Predicted time to AD conversion for subjects enrolled with an MCI diagnosis who do not convert to AD during the first 2 years of follow-up. Left: Time from the first visit to the first AD diagnosis (for converters, in red) or maximum follow-up time (for non-converters, in blue) is shown in the\(y\)-axis. Shaded regions show the time when the predicted probability of AD is larger than \(30\%\) (left end) up to \(70\%\) (right end), with a mark denoting the time corresponding with a \(50\%\) AD probability. The dots on the right of the figure represent subjects whose predicted time of conversion is larger than 10 years. Centre: In red it is shown the time to conversion error (predicted minus actual time of conversion) vs age for converters. In blue is shown the difference between the predicted age of conversion minus the maximum follow-up time for non-converters. Right: Cumulative absolute error distribution for converters.

The left panel of Fig. 6 shows the predicted time to AD conversion for converters (red) and non-converters (blue). On the \(y\)-axis is the time of the first AD diagnosis for converters and the maximum follow-up time for non-converters. Ideally, the red marks (converters) should lie on the diagonal (black dotted line), which means that the model predicted precisely the time to AD conversion. On the other hand, all the blue marks should lie on the right of the diagonal, which means that the model did not predict a conversion before the last evidence of no conversion. The centre panel shows the error in predicted time to conversion for converters (in red) and the difference between predicted time to conversion and max follow-up for non-converters (in blue) as a function of age. Ideally, the red dots should lie on the horizontal dashed line (no error) and the blue dots above that line. The right panel of Fig. 6 shows the cumulative distribution of the time-to-conversion absolute error for the 52 patients who converted after the first two years of follow-up and had two CSF measurements in this period.

As a rough comparison, time-to-onset was studied for dominantly-inherited AD subjects in23. Contrary to our multidimensional model, the authors applied a differential equation model to each biomarker independently. Then, a weighted average of the estimated time-to-onset was computed and compared with the actual date of onset for a subset of six participants who converted during the follow-up. A root mean squared error of 1.34 years was reported for these six subjects. In our experiments, the error in time-to-conversion was higher, less than 2 years for \(66\%\) of the subjects, which is equivalent to 1 std. if the error distribution were Gaussian (see the right panel of Fig. 6). However, these numbers must be compared carefully because of many reasons. First, episodic and dominantly-inherited AD may have different dynamics. Additionally, many biomarkers (in addition to CSF) were used in23, which should help to obtain more precise predictions. The onset time was defined as having non-zero global CDR in their work, which would correspond to CN to MCI conversion, while we studied conversion from MCI to dementia. Finally, the sample sizes are very different, with six subjects in23 and 52 in our work. Nevertheless, we remark that the errors in both cases are of the same order of magnitude.

Long-term trajectories

Figure 7
figure 7

Simulated long-term evolution for different initial conditions. Subjects for whom the basal CSF biomarker levels were within limits described on top of each panel and with a smaller uncertainty were selected. Then, trajectories were propagated 10 years backwards and 20 years forwards, taking into account the subject’s parameters and the model uncertainty. The y-axis range for each biomarker is indicated in the legend at the bottom right panel.

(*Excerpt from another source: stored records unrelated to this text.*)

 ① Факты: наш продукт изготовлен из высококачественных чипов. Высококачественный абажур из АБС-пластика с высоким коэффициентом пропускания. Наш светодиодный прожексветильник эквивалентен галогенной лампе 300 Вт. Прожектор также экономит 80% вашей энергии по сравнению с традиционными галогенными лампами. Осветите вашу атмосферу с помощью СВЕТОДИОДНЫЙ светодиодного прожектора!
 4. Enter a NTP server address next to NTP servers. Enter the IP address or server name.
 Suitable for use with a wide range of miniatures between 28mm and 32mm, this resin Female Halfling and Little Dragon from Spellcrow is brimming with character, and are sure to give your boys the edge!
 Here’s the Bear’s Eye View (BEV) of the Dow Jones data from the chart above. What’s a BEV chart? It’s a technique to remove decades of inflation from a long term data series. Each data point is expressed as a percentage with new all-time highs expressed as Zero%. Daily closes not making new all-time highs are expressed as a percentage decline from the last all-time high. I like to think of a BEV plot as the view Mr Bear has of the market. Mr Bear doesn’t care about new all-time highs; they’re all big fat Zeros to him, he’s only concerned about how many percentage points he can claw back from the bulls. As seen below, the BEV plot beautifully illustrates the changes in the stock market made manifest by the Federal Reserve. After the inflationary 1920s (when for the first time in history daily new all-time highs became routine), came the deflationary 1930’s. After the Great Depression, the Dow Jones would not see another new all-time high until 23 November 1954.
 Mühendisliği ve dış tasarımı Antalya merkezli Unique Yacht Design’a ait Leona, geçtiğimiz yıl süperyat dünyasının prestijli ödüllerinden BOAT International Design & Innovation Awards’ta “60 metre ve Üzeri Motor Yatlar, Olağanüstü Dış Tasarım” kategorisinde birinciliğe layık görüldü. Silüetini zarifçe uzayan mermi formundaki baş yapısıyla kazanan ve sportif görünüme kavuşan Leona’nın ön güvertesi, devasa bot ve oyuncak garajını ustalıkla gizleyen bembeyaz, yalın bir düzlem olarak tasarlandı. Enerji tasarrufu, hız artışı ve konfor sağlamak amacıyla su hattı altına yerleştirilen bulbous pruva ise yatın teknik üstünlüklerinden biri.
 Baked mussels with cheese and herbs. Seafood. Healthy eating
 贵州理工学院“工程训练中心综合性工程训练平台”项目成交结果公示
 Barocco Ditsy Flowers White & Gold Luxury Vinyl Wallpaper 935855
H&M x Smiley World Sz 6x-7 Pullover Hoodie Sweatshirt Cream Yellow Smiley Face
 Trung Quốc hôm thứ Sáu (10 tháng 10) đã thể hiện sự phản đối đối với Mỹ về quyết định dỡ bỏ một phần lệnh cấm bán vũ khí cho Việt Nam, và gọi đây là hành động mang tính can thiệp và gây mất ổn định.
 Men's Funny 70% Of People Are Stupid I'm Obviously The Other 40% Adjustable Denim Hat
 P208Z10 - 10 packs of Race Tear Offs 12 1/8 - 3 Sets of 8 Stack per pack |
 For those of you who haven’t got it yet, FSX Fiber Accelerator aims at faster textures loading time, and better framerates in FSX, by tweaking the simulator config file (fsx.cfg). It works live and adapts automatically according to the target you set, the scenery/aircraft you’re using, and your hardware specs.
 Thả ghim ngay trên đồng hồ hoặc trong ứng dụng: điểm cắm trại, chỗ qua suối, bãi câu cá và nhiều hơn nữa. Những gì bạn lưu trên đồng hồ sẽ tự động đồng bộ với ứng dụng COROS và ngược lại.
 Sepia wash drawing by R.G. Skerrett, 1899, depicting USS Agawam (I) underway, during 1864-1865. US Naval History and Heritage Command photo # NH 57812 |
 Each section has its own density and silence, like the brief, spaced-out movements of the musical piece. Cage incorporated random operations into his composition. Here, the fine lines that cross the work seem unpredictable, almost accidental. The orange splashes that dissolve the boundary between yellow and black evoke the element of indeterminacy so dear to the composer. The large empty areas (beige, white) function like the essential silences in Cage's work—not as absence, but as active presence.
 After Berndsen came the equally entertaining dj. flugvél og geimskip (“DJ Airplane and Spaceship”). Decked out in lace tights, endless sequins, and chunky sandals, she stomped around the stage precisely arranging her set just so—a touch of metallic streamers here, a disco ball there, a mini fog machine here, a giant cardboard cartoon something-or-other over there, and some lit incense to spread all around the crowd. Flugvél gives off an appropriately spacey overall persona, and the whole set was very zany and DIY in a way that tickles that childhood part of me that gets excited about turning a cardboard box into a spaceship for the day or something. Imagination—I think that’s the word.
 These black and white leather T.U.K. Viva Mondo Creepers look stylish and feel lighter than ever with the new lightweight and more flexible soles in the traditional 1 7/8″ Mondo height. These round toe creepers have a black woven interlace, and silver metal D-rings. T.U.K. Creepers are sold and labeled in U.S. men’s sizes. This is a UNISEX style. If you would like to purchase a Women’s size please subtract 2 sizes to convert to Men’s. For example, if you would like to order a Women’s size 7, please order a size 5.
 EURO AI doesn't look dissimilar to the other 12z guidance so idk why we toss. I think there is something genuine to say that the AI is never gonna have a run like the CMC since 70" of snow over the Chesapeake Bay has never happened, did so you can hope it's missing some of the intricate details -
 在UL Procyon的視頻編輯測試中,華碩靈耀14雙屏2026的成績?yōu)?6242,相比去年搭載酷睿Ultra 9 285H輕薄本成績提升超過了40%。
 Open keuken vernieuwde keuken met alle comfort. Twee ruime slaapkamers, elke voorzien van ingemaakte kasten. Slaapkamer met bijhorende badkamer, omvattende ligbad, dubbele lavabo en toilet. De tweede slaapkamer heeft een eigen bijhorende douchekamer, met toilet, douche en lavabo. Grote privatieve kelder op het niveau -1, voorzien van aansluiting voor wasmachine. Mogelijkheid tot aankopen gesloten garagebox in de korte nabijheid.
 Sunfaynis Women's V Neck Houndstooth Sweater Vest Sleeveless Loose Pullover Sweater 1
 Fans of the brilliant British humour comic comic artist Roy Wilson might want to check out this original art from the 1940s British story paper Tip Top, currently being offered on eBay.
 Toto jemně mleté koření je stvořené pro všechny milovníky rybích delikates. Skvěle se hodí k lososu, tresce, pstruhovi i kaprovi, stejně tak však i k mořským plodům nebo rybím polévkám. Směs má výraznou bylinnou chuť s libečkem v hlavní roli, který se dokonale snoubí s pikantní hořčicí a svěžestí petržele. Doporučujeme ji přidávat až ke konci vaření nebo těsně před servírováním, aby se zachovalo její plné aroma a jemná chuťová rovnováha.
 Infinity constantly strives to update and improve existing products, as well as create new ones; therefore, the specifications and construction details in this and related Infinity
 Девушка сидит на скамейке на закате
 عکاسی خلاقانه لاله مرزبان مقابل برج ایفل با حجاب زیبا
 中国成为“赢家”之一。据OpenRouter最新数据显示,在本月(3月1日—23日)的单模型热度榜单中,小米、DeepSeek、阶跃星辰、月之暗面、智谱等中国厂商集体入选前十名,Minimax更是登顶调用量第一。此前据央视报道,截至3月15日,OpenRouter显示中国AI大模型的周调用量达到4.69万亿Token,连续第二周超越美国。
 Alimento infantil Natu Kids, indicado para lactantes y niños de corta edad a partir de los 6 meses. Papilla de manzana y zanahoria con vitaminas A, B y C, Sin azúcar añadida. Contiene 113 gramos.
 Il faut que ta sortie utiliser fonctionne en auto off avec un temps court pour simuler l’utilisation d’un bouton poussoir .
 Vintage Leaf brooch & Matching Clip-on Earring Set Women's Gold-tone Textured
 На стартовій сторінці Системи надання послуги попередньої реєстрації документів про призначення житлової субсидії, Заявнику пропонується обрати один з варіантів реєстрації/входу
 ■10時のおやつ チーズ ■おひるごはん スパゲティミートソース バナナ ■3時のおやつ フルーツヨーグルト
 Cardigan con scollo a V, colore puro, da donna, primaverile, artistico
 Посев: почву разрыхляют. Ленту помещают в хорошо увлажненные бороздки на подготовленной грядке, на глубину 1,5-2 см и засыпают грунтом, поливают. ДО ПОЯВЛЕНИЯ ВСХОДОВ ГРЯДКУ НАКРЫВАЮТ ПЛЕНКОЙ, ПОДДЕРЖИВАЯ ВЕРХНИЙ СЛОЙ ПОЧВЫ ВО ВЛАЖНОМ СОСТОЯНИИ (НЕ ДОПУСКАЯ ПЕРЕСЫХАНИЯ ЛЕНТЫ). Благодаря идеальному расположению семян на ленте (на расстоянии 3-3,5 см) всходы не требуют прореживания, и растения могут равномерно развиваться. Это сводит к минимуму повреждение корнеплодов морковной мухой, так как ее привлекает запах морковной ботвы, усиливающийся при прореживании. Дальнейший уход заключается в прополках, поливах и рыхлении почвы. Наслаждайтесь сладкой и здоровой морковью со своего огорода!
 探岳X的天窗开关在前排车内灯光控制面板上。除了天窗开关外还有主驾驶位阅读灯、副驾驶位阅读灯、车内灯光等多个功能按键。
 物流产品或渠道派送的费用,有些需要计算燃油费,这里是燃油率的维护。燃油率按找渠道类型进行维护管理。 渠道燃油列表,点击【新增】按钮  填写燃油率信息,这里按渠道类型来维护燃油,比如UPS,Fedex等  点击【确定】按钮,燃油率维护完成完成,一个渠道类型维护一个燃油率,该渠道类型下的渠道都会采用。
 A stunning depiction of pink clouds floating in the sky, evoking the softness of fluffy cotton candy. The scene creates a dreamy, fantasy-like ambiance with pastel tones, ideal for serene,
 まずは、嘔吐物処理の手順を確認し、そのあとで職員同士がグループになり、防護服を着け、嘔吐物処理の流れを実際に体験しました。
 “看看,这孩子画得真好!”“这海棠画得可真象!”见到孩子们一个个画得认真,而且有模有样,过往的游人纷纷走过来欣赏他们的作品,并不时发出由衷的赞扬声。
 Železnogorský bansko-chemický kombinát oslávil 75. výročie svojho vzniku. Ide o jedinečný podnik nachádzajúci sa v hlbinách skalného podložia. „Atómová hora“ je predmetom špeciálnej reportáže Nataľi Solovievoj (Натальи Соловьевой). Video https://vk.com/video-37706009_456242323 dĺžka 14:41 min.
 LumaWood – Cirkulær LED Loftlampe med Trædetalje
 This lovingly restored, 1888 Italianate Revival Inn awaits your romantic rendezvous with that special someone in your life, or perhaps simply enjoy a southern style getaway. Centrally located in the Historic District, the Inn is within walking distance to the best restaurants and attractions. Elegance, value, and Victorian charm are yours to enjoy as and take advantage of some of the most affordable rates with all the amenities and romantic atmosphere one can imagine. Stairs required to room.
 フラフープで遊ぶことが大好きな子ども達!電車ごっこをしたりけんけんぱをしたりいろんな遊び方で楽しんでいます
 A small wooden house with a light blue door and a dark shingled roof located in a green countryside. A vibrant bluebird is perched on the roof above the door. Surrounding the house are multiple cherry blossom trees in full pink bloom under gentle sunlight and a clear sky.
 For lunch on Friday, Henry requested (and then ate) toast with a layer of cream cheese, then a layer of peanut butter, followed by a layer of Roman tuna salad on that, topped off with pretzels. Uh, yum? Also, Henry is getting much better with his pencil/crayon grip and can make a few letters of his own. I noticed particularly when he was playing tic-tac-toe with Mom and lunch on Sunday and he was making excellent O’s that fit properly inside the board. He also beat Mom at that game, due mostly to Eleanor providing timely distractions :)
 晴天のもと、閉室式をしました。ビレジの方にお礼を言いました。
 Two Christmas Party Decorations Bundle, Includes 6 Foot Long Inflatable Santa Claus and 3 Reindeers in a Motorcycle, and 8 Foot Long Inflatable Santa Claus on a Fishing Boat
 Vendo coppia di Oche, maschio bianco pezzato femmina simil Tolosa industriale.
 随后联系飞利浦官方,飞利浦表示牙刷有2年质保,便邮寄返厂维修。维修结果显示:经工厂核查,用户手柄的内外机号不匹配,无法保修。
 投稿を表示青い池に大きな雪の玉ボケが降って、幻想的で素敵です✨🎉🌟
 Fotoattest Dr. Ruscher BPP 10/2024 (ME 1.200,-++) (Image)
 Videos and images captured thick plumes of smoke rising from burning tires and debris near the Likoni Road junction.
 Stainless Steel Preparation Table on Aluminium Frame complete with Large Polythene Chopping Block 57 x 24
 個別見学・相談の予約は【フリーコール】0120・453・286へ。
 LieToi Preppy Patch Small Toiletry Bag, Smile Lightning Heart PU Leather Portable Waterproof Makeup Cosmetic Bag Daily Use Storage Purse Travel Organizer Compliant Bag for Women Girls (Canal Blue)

We simulated long-term trajectories for a few sets of representative subgroups to compare our predictions with those of dynamical15 and event-based models23,32. We selected 4 points in the CSF A\(\beta \)-Tau plane: normal, medium-high, and high A\(\beta \) with low Tau (see the top-left, top-right and bottom-left panels of Fig. 7, respectively), and medium-high levels of A\(\beta \) with very high Tau (see the bottom-right panel of Fig. 7). All the subjects within each subgroup have similar values of CSF biomarkers, but ADAS-Cog, age and APOE may differ, giving rise to different trajectories.

A few remarks could be drawn from these patterns: CSF biomarker dynamics are much slower than cognition (CSF biomarkers do not reach a plateau in any of these panels); clinical diagnosis and cognition onset time is highly variable between subjects; CSF Tau increases rapidly only when CSF A\(\beta \) is abnormal, but also there must be already high levels of CSF Tau (see the bottom-right panel compared with the bottom-left panel); very abnormal levels of CSF A\(\beta \) predict cognitive decline and dementia even in the absence of CSF Tau (see the bottom-left panel).

Discussion

We have presented a DPM that helps to overcome three important limitations of previous progression models of AD33. Remarkably, the proposed framework dispenses with the assumption of a common disease trajectory, allowing to build quantitative models in line with the modern ATX(N) conceptual framework34. Biomarker independence is another limiting assumption frequently made. Conversely, the relationship between one biomarker level and another biomarker dynamics is the core of the proposed framework. Finally, we consider the effect of covariates in the dynamics, i.e., the fixed effects, to be an integral part of our model.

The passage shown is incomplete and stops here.